Use the second week in and week depth study of questions -softmaxs

  1. Subject description:

Please use Tensorflow achieve Softmax multi-classification.

  1. Topics requirements:

① import the necessary dependent libraries, and set the random seed. (5 points)

② definition data set, wherein:

x_data
= [[1, 2, 1, 1], [2, 1, 3, 2], [3, 1, 3, 4], [4, 1, 5, 5], [1, 7, 5, 5], [1, 2,
5, 6], [1, 6, 6, 6], [1, 7, 7, 7]];

y_data
= [[0, 0, 1], [0, 0, 1], [0, 0, 1], [0, 1, 0], [0, 1, 0], [0, 1, 0],[1, 0, 0], [1, 0, 0]]。(5分)

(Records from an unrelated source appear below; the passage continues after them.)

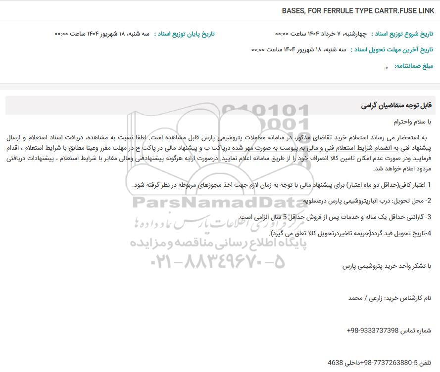به استحضار می رساند استعلام خرید تقاضای مذکور در سامانه معاملات پتروشیمی پارس قابل مشاهده است. لطفا نسبت به مشاهده دریافت اسناد استعلام و ارسال پیشنهاد فنی به انضمام شرایط استعلام فنی و مالی به پیوست به صورت مهر شده در پاکت ب و پیشنهاد مالی در پاکت ج در مهلت مقرر و عينا مطابق با شرایط استعلام ، اقدام فرمایید و در صورت عدم امکان تامین کالا انصراف خود را از طریق سامانه اعلام نمایید. در صورت ارایه هرگونه پیشنهاد فنی و مالی مغایر با شرایط استعلام ، پیشنهادات دریافتی مردود اعلام خواهد شد.
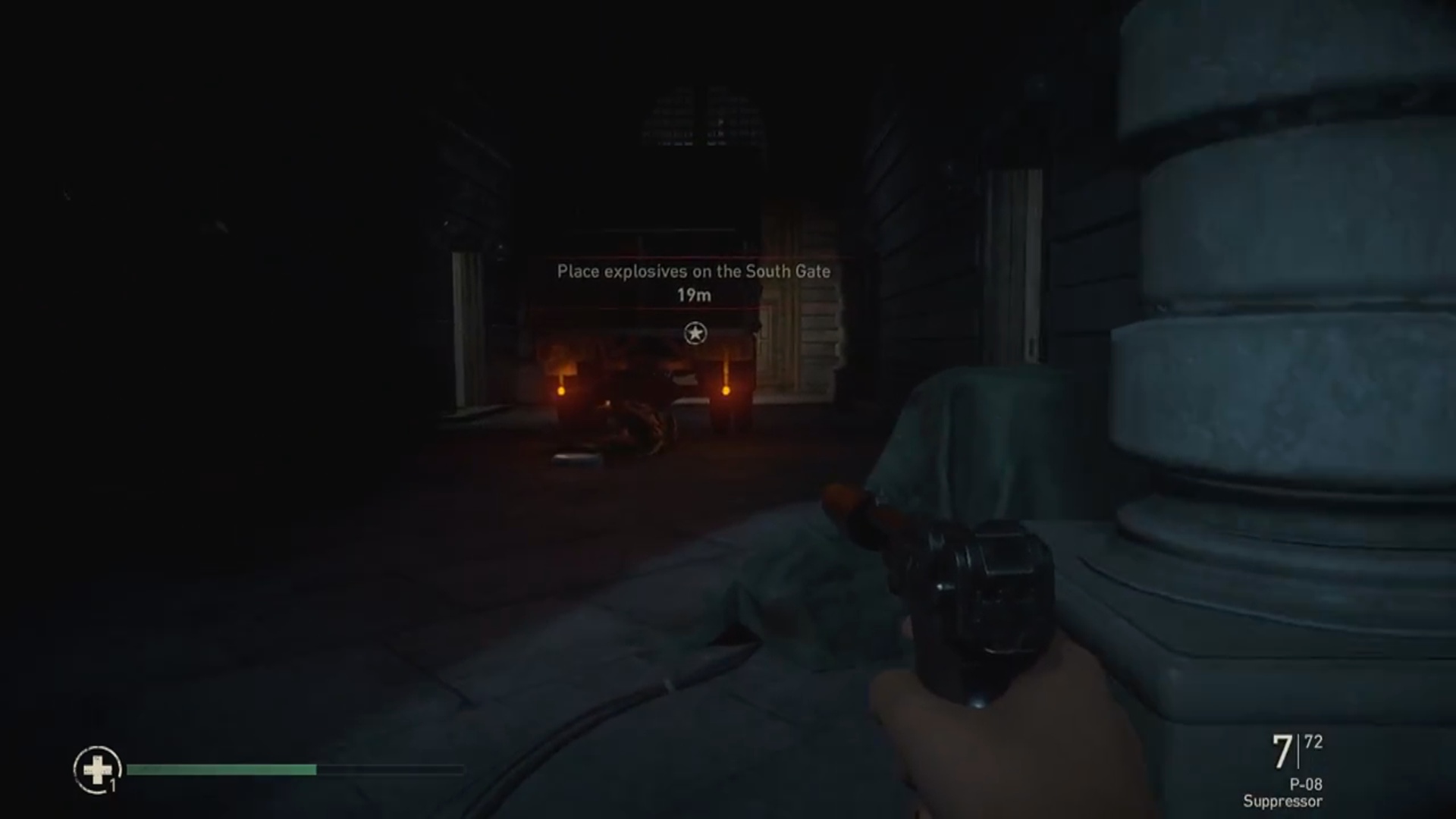 Once you reach the South Gate entrance, use your silencer equipped gun and take out the single guard in front of the truck, preventing you from reaching the gate.
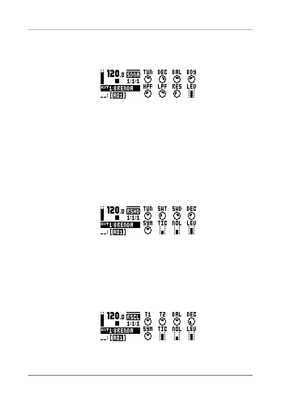 BDY (Decay Time) sets the length of the decay phase of the oscillator. (0–127)
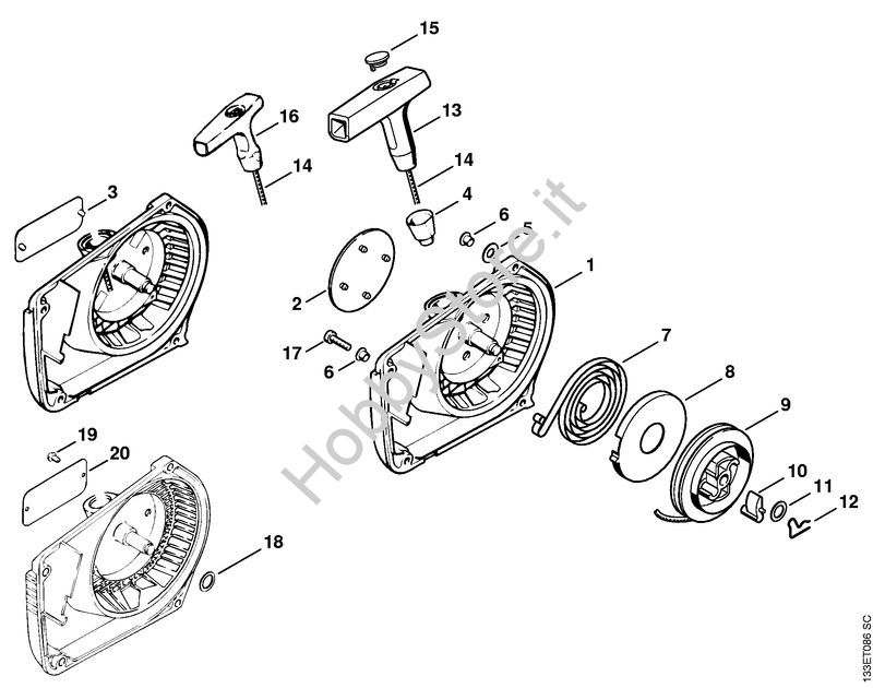 Ricambio Carenatura ventola con dispositivo di avviamento Motoseghe a benzina (MS) 026 W STIHL Contiene anche i ricambi nr. 1, 2, 4 a 15
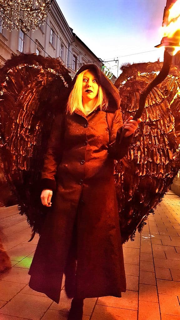 The Perchten and the angels made their appearances during the Krampuslauf in white or black feathers/wings and dresses. The Perchten are typically a group of women who roam the streets in brown wooden masks and sheepskin warding off the evil and saving the children from Krampus. They also often have their own day of celebration around the winter solstice and the 6th of January, but have been known to make an appearance at many Krampuslaufen around Austria in recent years.

③ defined placeholders. (5 points)

④ defined weights W and bias b. (5 points)

⑤ defined prediction model, the activation function using the softmax. (5 points)

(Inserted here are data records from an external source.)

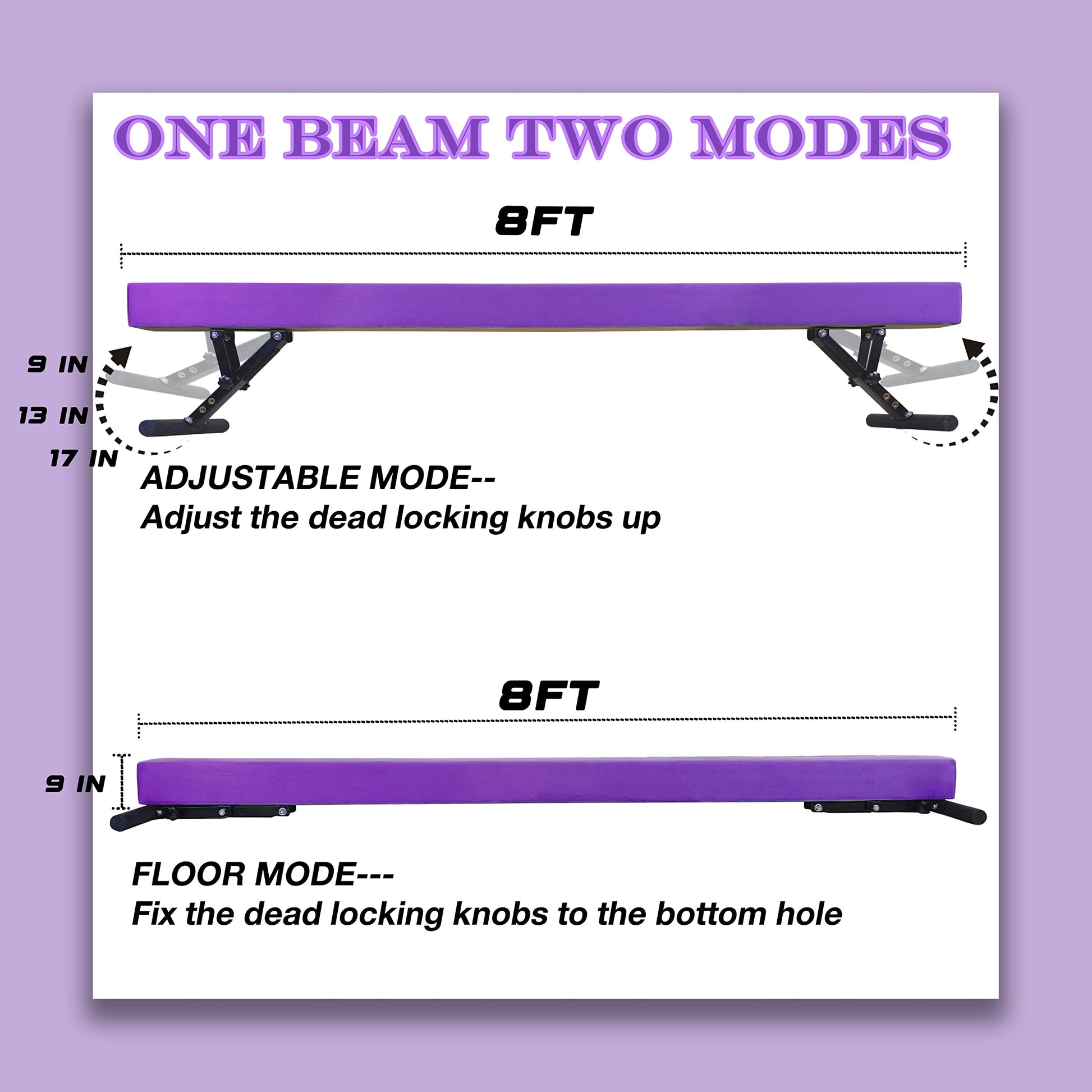 - Perfect Size For Home: The balance beam measures 8 feet in length,4 inches in width. adjustable height, it meets the training requirements of normal gymnastic equipment.weight limit of 350 pounds ,Suitable for both beginners and highly skilled gymnasts
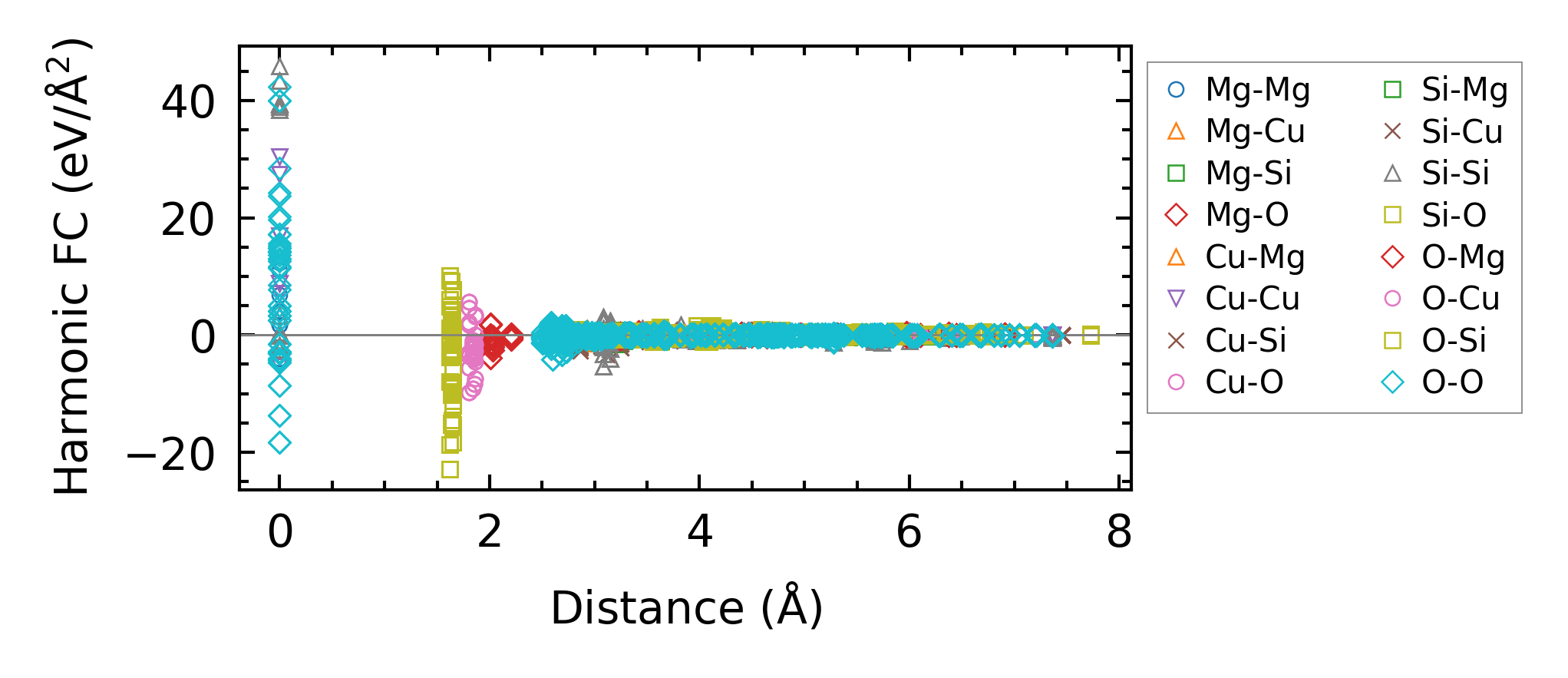 (a) Force constants w.r.t atomic distance
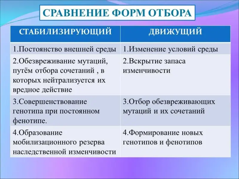 Вывод: движущая и стабилизирующая формы естественного отбора тесно связаны друг с другом.
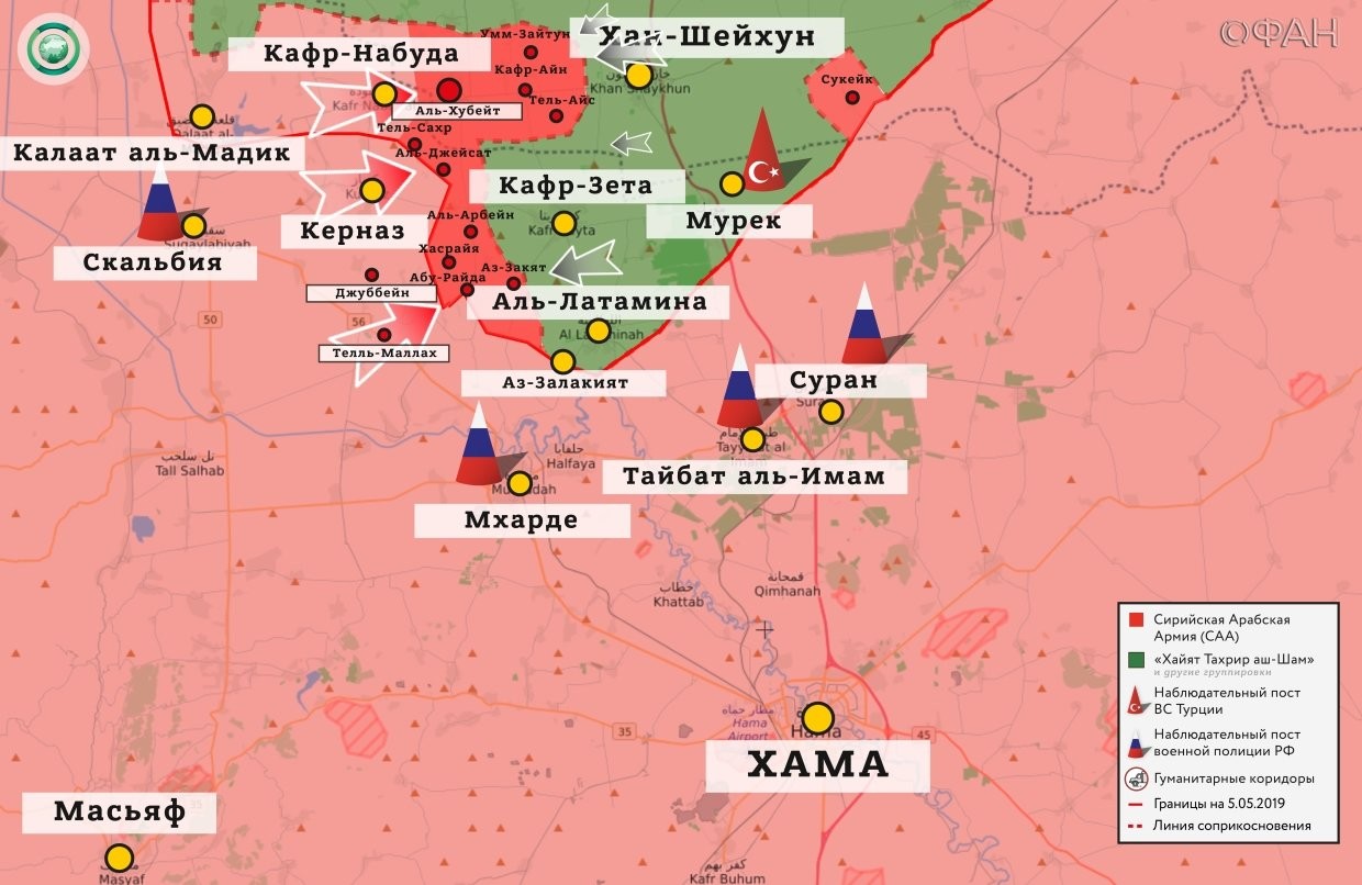 В то же время перестрелки имели место в северном Хан-Шейхуне, который де-факто остался спорной территорией между армией и Хаят Тахрир аш-Шам*. Боевики также нанесли несколько ударов с помощью ПТРК по позициям армии к северу от города.

⑥ definition of the cost or loss function. (5 points)

⑦ defined gradient descent optimization, a learning rate is set to 0.01. (5 points)

⑧ accuracy of calculations. (5 points)

⑨ session is created and initialized global variables. (5 points)

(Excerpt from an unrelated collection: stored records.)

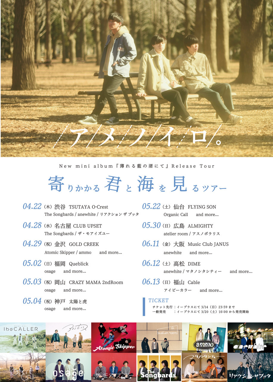 3月31日にミニ・アルバム『薄れる藍の渚にて』をリリースするアメノイロ。が、4月より開催するツアーのゲスト第1弾を発表した。
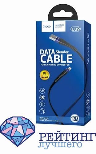Этот аксессуар мы включили в наш рейтинг за его повышенную гибкость. Бренд Hoco основан в 2009 году в Китае, и сейчас распространен более чем в пятидесяти странах. Основная цель при производстве продукции – качество в сочетании с простотой, практичностью, яркостью и стилем. Шнур длиной 1,2 метра плоской конструкции U39 Slender Lightning доступен для покупки в трех цветах: черно – золотой, сине – черный и красно – черный. Тканевая оплетка из нейлона позволяет сгибать шнур без последствий. Внутри располагается медный провод, обеспечивающий проводимость тока силой 2,4 А. USB – разъем из алюминиевого сплава с лазерной гравировкой логотипа позволит подключать устройства на IOS к адаптеру питания и компьютеру для зарядки или синхронизации с передачей данных. Покупатели оставляют положительные отзывы о товаре. Отмечают отличную работоспособность, цену, долгий срок службы и отсутствие деформаций по всей длине.
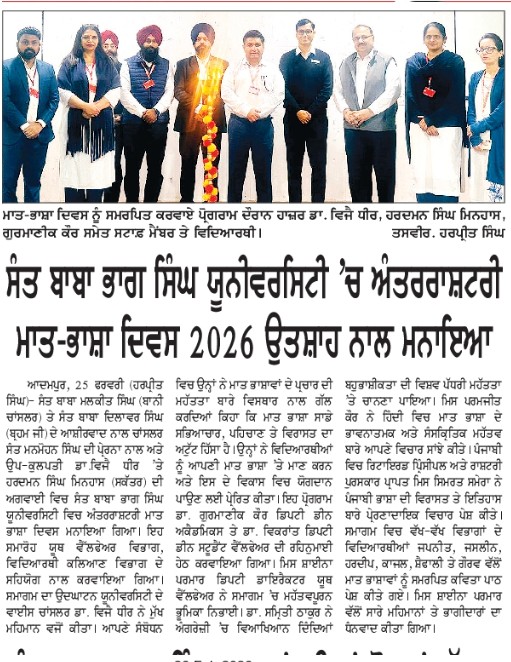 Sant Baba Bhag Singh University celebrated International Mother Language Day 2026 with great enthusiasm and cultural spirit on 23 February 2026 at 11:00 a.m. in the Seminar Hall. The event was organized by the Youth Welfare Department in collaboration with the Department of Student Welfare under the aegis of IQAC, SBBSU. The celebration aimed to highlight the importance of linguistic diversity and promote respect for mother languages among students.
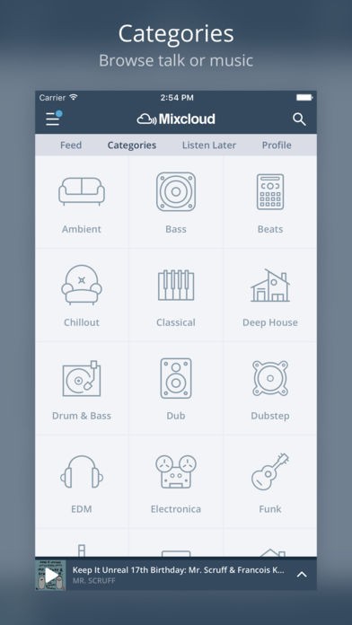 Mixcloud - Radio & DJ mixesというアプリは世界中のDJの曲がカテゴリー別に聞けてしまうというアプリになります。 その種類は約40種類でカテゴリーの中から選ぶ事ができるのでその時の気分に合った選曲が可能になります。 気に入った曲があったらその曲をMIXしたDJも簡単にチェックできます。
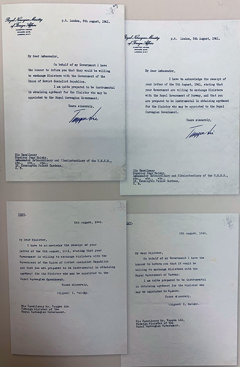 5 августа 1941 г. Письма министра иностранных дел норвежского правительства в изгнании Т.Ли послу СССР в Лондоне И.М.Майскому 5 августа 1941 г. (На англ.яз.) Ответные письма И.М.Майского Т.Ли 5 августа 1941 г. (На англ.яз.)
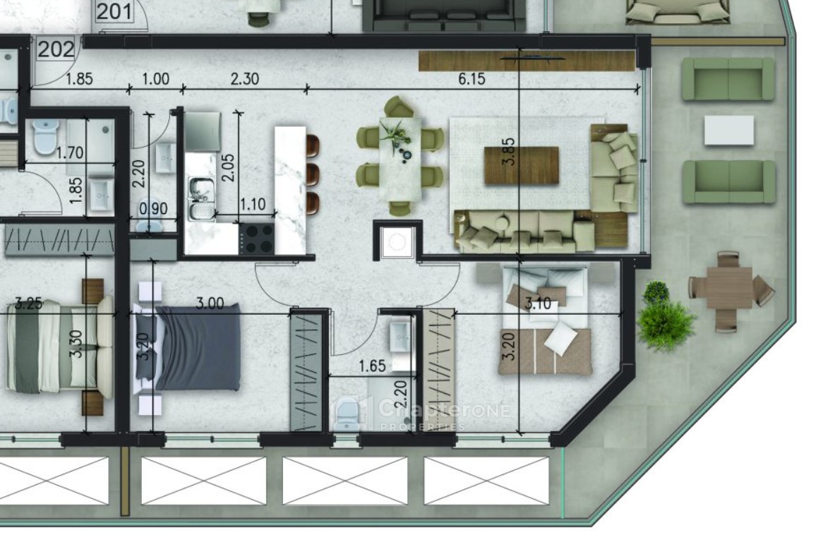 75sq.m two-bedroom second floor apartment with a 21sq.m covered veranda in a new and luxurious secure gated building situated in the heart of Limassol.

⑩ start training iteration, loop iteration 5000, the convergence of once every 500 print output value of the loss. (5 points)

11 printout accuracy of the model. (5 points)

Given a set of 12 x: [[4,1,2,3], [3,2,4,5]], the set of test data, and print out the test results. (5 points)

import tensorflow as tf
import os
os.environ["TF_CPP_MIN_LOG_LEVEL"]="3"

#设置随机种子
tf.set_random_seed(111)

#加载数据
x_data = [[1, 2, 1, 1], [2, 1, 3, 2], [3, 1, 3, 4], [4, 1, 5, 5], [1, 7, 5, 5], [1, 2, 5, 6], [1, 6, 6, 6], [1, 7, 7, 7]]
y_data = [[0, 0, 1], [0, 0, 1], [0, 0, 1], [0, 1, 0], [0, 1, 0], [0, 1, 0],[1, 0, 0], [1, 0, 0]]

#定义占位符
x = tf.placeholder(tf.float32,shape=[None,4])
y = tf.placeholder(tf.int64,shape=[None,3])

#初始化权重和偏执
w = tf.Variable(tf.random_normal([4,3]),name="w")
b = tf.Variable(tf.random_normal([3]),name="b")

#预测模型
logits = tf.matmul(x,w)+b
hypothesis = tf.nn.softmax(logits)

#定义代价
cost = tf.nn.softmax_cross_entropy_with_logits(logits=logits,labels=y)

#优化器
train = tf.train.GradientDescentOptimizer(learning_rate=0.01).minimize(cost)

#计算准确率
predict = tf.argmax(hypothesis,1)
correct_pre = tf.equal(predict,tf.argmax(y,1))
accuracy = tf.reduce_mean(tf.cast(correct_pre,tf.float32))

#创建会话
sess = tf.Session()
sess.run(tf.global_variables_initializer())
#开始迭代
for step in range(5000):
    cost_val,_ = sess.run([cost,train],feed_dict={x:x_data,y:y_data})
    if step %500 ==0:
        print(step,cost_val)

#打印精确率
print("Accuracy:",sess.run(accuracy,feed_dict={x:x_data,y:y_data}))

#y预测
print(sess.run(predict,feed_dict={x:[[4,1,2,3], [3,2,4,5]]}))
#关闭会话
sess.close()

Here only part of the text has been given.